The forestry sector is also crying out for an increased share of Pillar Two. Support for crofting, new entrants to farming, food and drink, and rural community development all has to be found, too.

All these sectors will want to make their case, but time is short.

The Scottish Government has asked for views on the proposed transfer rate by December 16 so that the EU can be informed of the decision by the December 31 deadline.

Mr Lochhead said: “European rules allow up to 15% to be transferred between budgets.

“I have said all along that I will not transfer money away from rural development as Scotland has the lowest payment rates in Europe just one-sixth of the EU average.

“I also want to protect food production in this country, and direct payments to Scottish farmers and crofters have already been cut twice: once at European level, and again by the UK Government.

“Owen Paterson argued for a ‘substantial reduction’ and phasing out of Pillar One payments, but thankfully he did not succeed and we secured much-needed continued support for Scottish agriculture.

“That is why in this programme I am minded to limit the transfer from Pillar One to Pillar Two to 9.5%, a rate which I believe strikes the best possible balance between providing a rural development budget that allows us to address our obligations and supporting priority areas of the agricultural sector.

“This will deliver a rural development budget of over £1.3 billion over the next seven years, a level of annual funding similar to that of the final years of the current programme.

“I am also minded to allocate more of Scotland’s rural development budget to agri-environment schemes to help protect our natural environment, especially our biodiversity and water quality.

“While subject to consultation, my proposals would see funding for agri-environment schemes increase by more than £10m per year to over £350m over the seven-year CAP period.

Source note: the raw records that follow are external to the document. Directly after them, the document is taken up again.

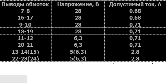 Погуглив нашел ТХ трансформатора соединив последовательно 3 намотки, 2 по 2,8А и 0,71А и тут косяк выдержит ли последняя намотка нагрузки, если нет то будем подымать конденсатором. Напряжение на отводах первичных обмоток трансформаторов ТAН69 на 127/220 В: между выводами 1 и 2, 4 и 5 - 110 В; между выводами 2 и 3, 5 и 6 - 7 В. При использовании трансформаторов ТAН69-127/220 на 220 В необходимо: соединить выводы 2 и 5; подать напряжение 220 В на выводы 1 и 4.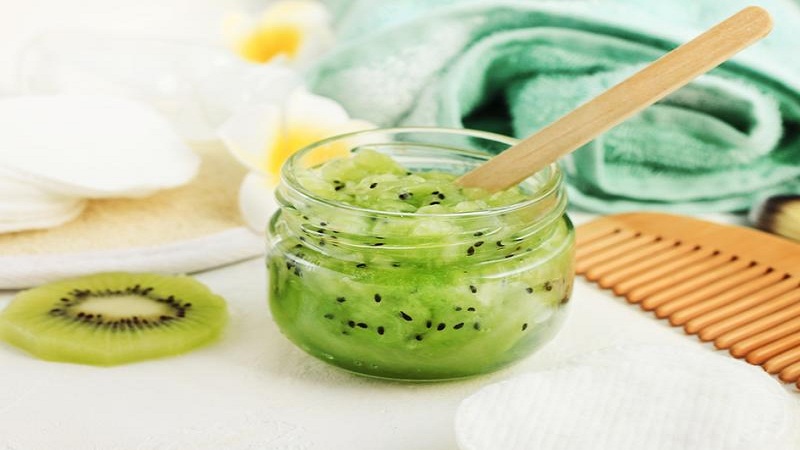مضاد لحب الشباب: تحتوي فاكهة الكيوي على مجموعة متنوعة من أحماض ألفا هيدروكسي والمواد المضادة للالتهابات التي تحارب حب الشباب، وتنظف المسام لتخفيف ظهور المزيد من الحبوب على الجلد، ويتم ذلك من خلال فاكهة الكيوي المهروسة، التي تستخدم كماسك فتوضع على الجلد.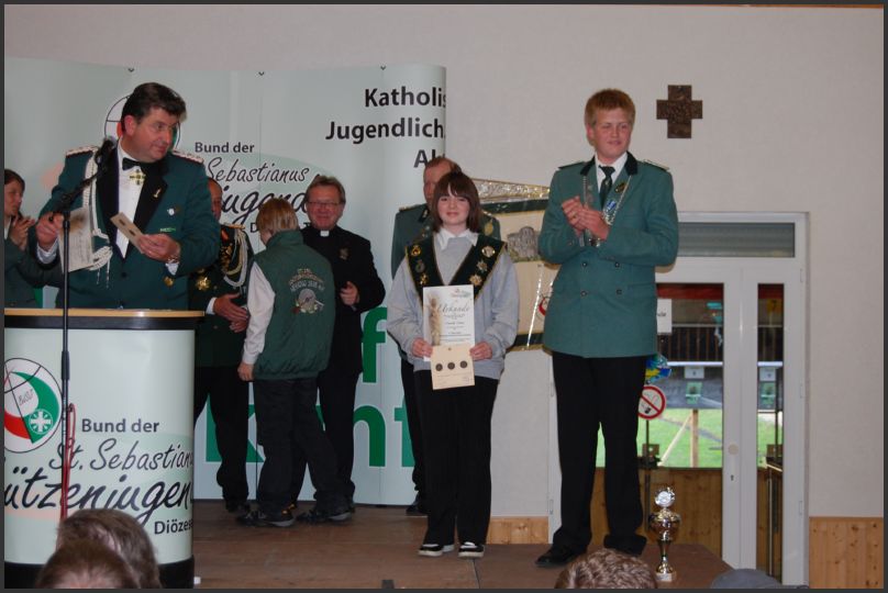 Beim Diözesanjungschützentag in Obermendig hatte unser Bezirksverband allen Grund zum jubeln. Gleich zwei Teilnehmer qualifizierten sich für das Bundesprinzenschießen am 17.10.2009 in Gemünd. Chantale Theisen aus der Bruderschaft Mayen erreichte mit 30 Ringen und dem 4.Platz die Qualifikation in der Schülerklasse. Unsere Bezirksschülerprinzessin Jennifer Krämer verpaßte auf dem 5.Platz liegend die Qualifikation nur knapp. Einen besonderen Grund zum jubeln hatte dann die Bruderschaft aus Nitztal. Tobias Kessner errang mit 28 Ringen den Titel Diözesanjungschützenprinz 2009. Tobias hatte sich als zweitplatzierter beim Bezirksprinzenschießen für das Schießen um den Diözesanprinz qualifiziert. Wir wünschen den beiden viel Erfolg in Gemünd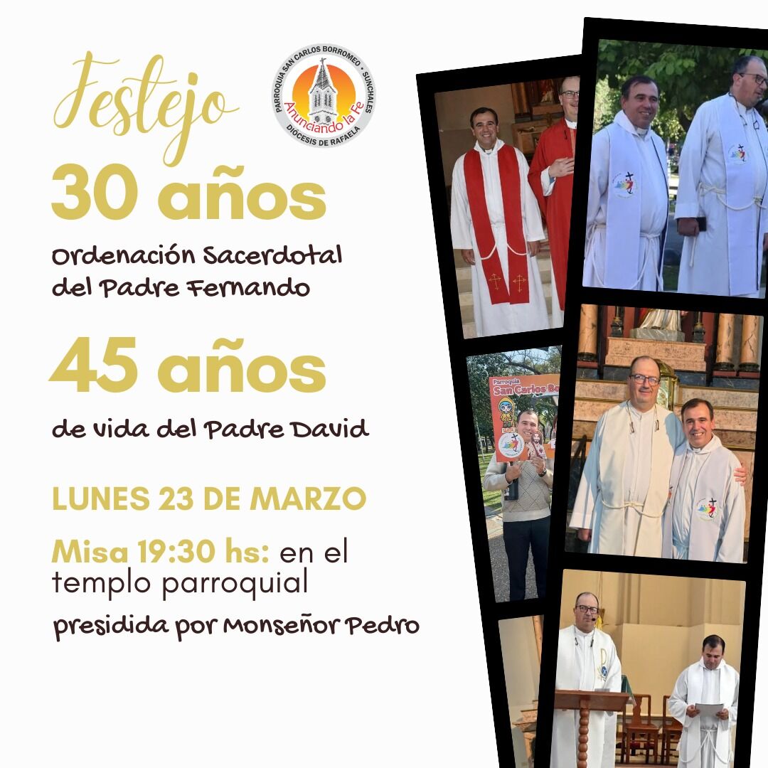 La Parroquia San Carlos Borromeo de Sunchales tiene el honor de invitar a toda la comunidad a celebrar los 30 años de ordenación sacerdotal del Padre Fernando y los 45 años de vida del Padre David con una misa solemne presidida por Monseñor Pedro.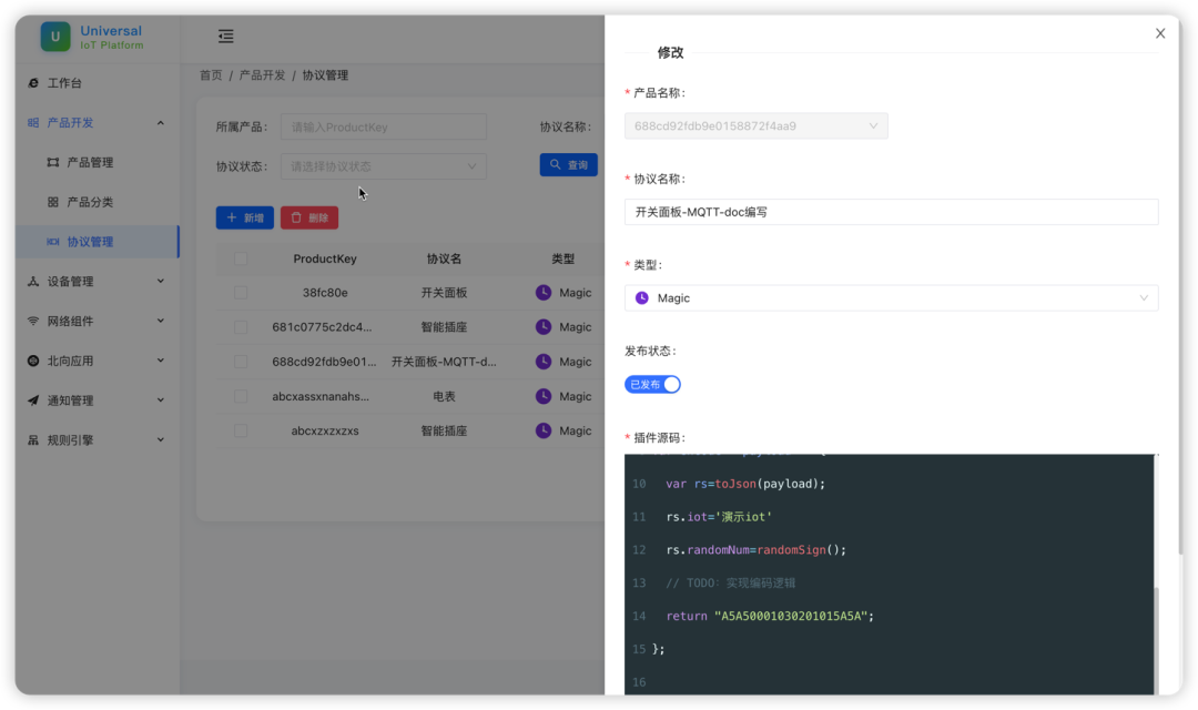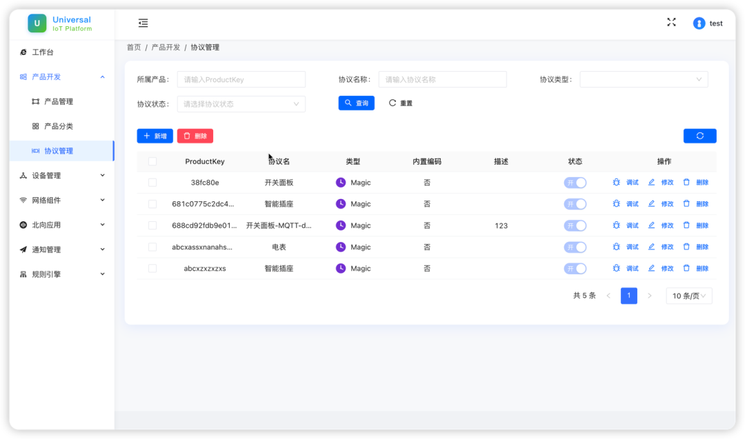 协议管理:云调试环境、插件化架构、实时协议开发、统一管理平台。 -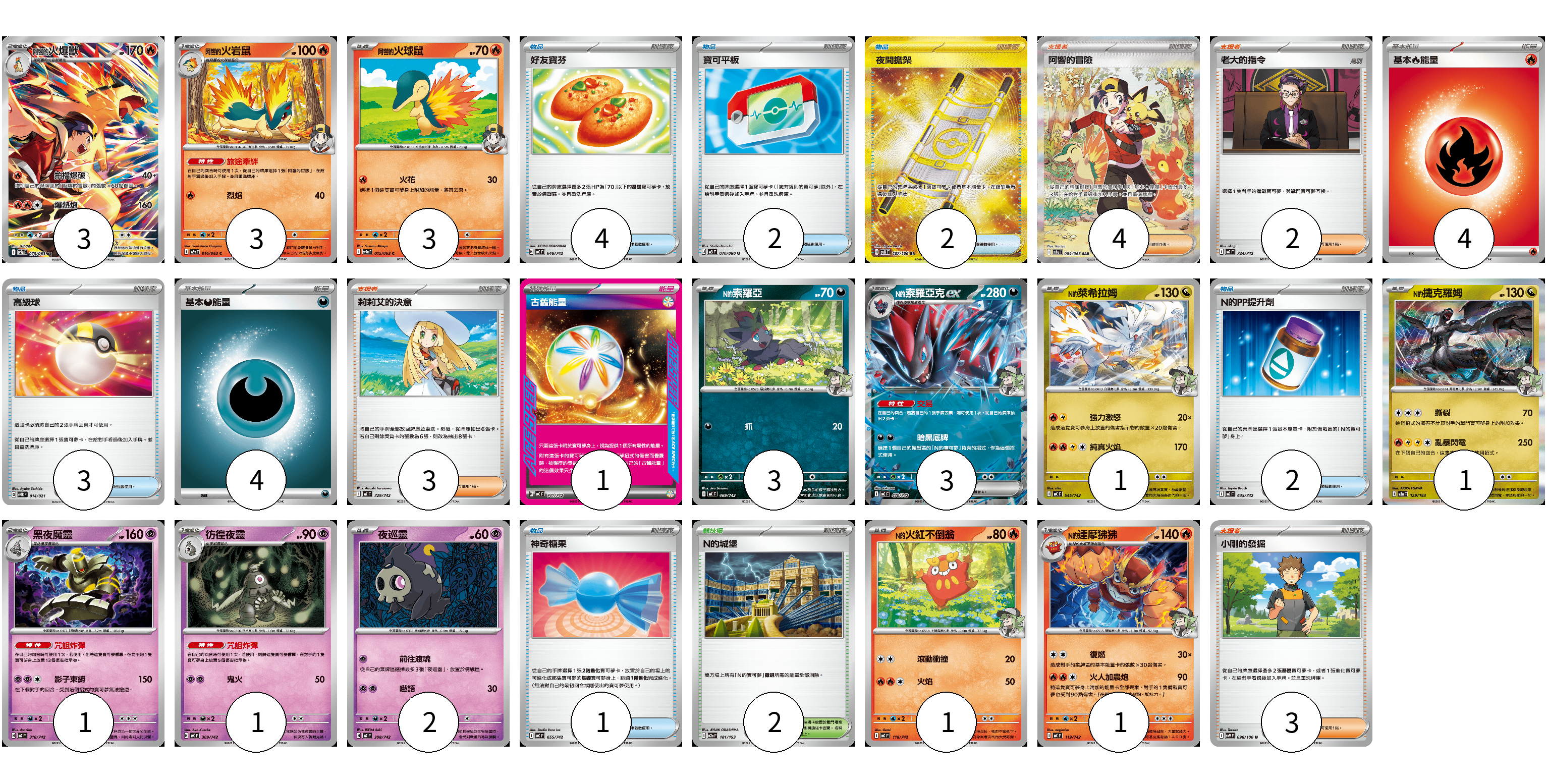 牌組構築方案 以此牌組為基礎新構築牌組 顯示卡面 顯示列表 寶可夢卡(23) 3 3 3 3 3 1 1 1 1 2 1 1 物品卡(14) 4 2 2 3 2 1 支援者卡(12) 4 2 3 3 競技場卡(2) 2 能量卡(9) 4 4 1 寶可夢卡(23) 卡牌名稱 張數 卡牌名稱 張數 <阿響的>火爆獸 SV9a 070/063 03 <阿響的>火岩鼠 SV9a 016/063 03 <阿響的>火球鼠 SV9a 015/063 03 <N的>索羅亞 MC 469/742 03 <N的>索羅亞克ex MC 470/742 03 <N的>萊希拉姆 MC 545/742 01 N的捷克羅姆 M2a 129/193 01 黑夜魔靈 MC 310/742 01 彷徨夜靈 MC 309/742 01 夜巡靈 MC 308/742 02 N的火紅不倒翁 MC 118/742 01 N的達摩狒狒 MC 119/742 01 物品卡(14) 卡牌名稱 張數 卡牌名稱 張數 好友寶芬 MC 648/742 04 寶可平板 M3 070/080 02 夜間擔架 SV8 137/106 02 高級球 SVTR 014/021 03 N的PP提升劑 MC 635/742 02 神奇糖果 MC 655/742 01 支援者卡(12) 卡牌名稱 張數 卡牌名稱 張數 阿響的冒險 SV9a 089/063 04 老大的指令 MC 724/742 02 莉莉艾的決意 MC 729/742 03 小剛的發掘 SV9 096/100 03 競技場卡(2) 卡牌名稱 張數 卡牌名稱 張數 N的城堡 M2a 181/193 02 能量卡(9) 卡牌名稱 張數 卡牌名稱 張數 基本【火】能量 MC FIR 04 基本【惡】能量 MC DAR 04 古舊能量 MC 741/742 01 以此牌組為基礎新構築牌組 牌組編碼 okzXOP-XeJKOv-kuVovd copy 列印牌組單 牌組編碼已複製 分享至SNS

“Crucially, I intend to maintain essential support of £65.5m per year for LFASS.

NFU Scotland president Nigel Miller said: “We will use this consultation phase to impress upon the Scottish Government that retaining as much of our precious Pillar One budget for active producers across all land types will deliver on our rural development goals, be they economic, environmental or social.

“Shifting significant funds to Pillar Two and potentially holing our Pillar One budget below the waterline risks further undermining our vulnerable farming sectors.

“Our members will view the proposed modulation rate of 9.5% as too high and are unlikely to accept any transfer between pillars that is higher than the existing voluntary modulation rate. We will be urging Scottish Government to adopt a transfer rate closer to 7.5% and make use of the option to review the rate in 2017.”

RSPB Scotland director Stuart Housden took a different view, saying: “RSPB Scotland is very disappointed that out of a possible 15% modulation, the Scottish Government has chosen to shift only 9.5% of the budget.

“It is especially disappointing given that the Scottish Government is failing to meet its own national performance indicators for both farmland birds and for wildlife sites.

“Farming is the key influence on this, and by starving agri-environment programmes of funds they will not reverse the fortunes of wildlife in Scotland any time soon. Over the lifetime of the SRDP programmes Mr Lochhead’s decision has cost the environment £220m.”